By default, a tenancy has a maximum limit of 5 private endpoints. For more Generative AI private endpoints, request an increase in the limit, private-endpoint-count for the Generative AI service.

  • On the Private Endpoints list page, select Create private endpoint. If you need help finding the list page, see Listing Private Endpoints.

    General Information

    1. Select a compartment to create the private endpoint in. The default compartment is the same as the list page, but you can select any compartment that you have permission to work in.
      We recommend that you create the private endpoint in the same compartment as the model that will use this endpoint.
    2. (Optional) Enter a name for the endpoint. Start the name with a letter or underscore, followed by letters, numbers, hyphens, or underscores. The length can be 1 to 255 characters. If you don't enter a name, the system generates a name that you can change later.
      The generated name has the format generativeaiprivateendpoint<timestamp>. Example: generativeaiprivateendpoint20250929212918
    3. (Optional) Enter a description for the private endpoint.

    VCN and Subnet

    Select the following information:

    • VCN compartment
    • VCN
    • Private subnet compartment
    • Private subnet

    DNS and Network Security Groups

    1. Enter a domain namespace (DNS) prefix for the FQDN.
      A preview displays the FQDN with this DNS prefix. A fully qualified domain name is a complete unique name for a network resource, that's resolved to a specific IP address. For example,
      <DNS-prefix>.pe.inference.generativeai.us-chicago-1.oci.oraclecloud.com
    2. (Optional) Select whether to add one or more network security groups by selecting Add network security group for each group that you want to add.
      Learn about Security Rules.
    3. (Optional) Select a network security group from then list.
    4. (Optional) Add more network security groups.
    5. In the create flow, expand Show security attributes, and then expand the Tags option that reveals for the security attributes.
    6. Select Add security attribute.
    7. Enter the following information:
      • Security attribute namespace
      • Security attribute key
      • Security attribute value
    8. Select Add security attribute to add more attributes (up to 3 total).

      If you have permissions to create a resource, then you might also have permissions to add security attributes to that resource.

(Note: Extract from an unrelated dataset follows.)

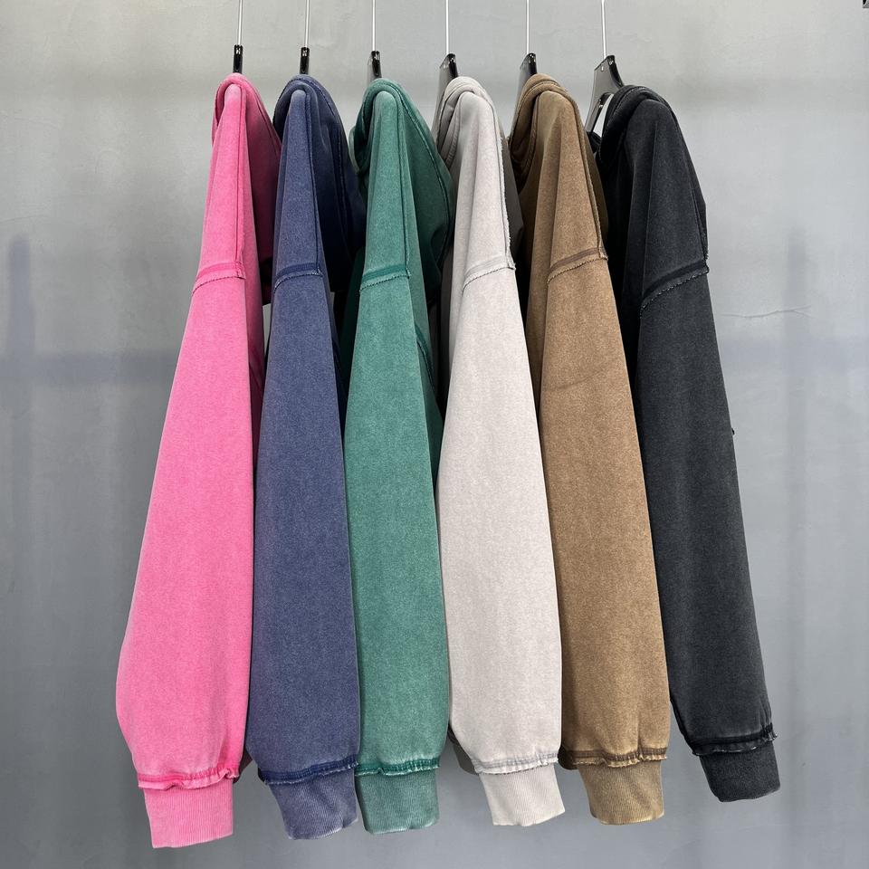 Felpa Vintage con cappuccio in spugna francese 450G felpa con cerniera

To add a security attribute, you must have permissions to use the security attribute namespace. For more information about security attributes and security attribute namespaces, see Zero Trust Packet Routing. If you're not sure whether to add security attributes, skip this option or ask an administrator. You can add security attributes later.

      Note

      To avoid unintentionally blocking access, ensure the ZPR policies are defined to allow the intended traffic flow to the endpoint before using the endpoint in production. See Prerequisites.

    9. (Optional) Select Add tag and assign tags to this private endpoint. See Resource Tags.
    10. Select Create.

    Use this Endpoint for On-Demand Models

    By default, this private endpoint is available for models hosted on dedicated AI clusters. If you want this endpoint to also be available for on-demand models that are offered in Generative AI service, then perform this step:
    1. Select Allow Usage In On-Demand Mode.
    2. See the Tip at the end of this section on how to reach the on-demand model.
    Important

    To access a Generative AI model through this private endpoint, see Adding a Model to a Private Endpoint.

    Create the Endpoint

    1. (Optional) Select Add tag and assign tags to this private endpoint. See Resource Tags.
    2. Select Create.
    Tip

    To use this private endpoint to reach an on-demand model, create a Compute instance in the private subnet allocated for the private endpoint, add your code to the Compute instance, use the FQDN for the private endpoint, and access the model from that Compute instance.
  • Use the generative-ai-private-endpoint create command and required parameters to create a private endpoint:

    oci generative-ai generative-ai-private-endpoint create [OPTIONS] 
    [OPTIONS]

    For a complete list of parameters and values for CLI commands, see the CLI Command Reference.

    Note

    For pretrained models, instead of an OCID, you can use the model name exactly as listed in the Console's playground. You can also find this OCI model name, in the model's detail page in Offered Pretrained Foundational Models in Generative AI.
  • Run the CreateGenerativeAiPrivateEndpoint operation to create a private endpoint.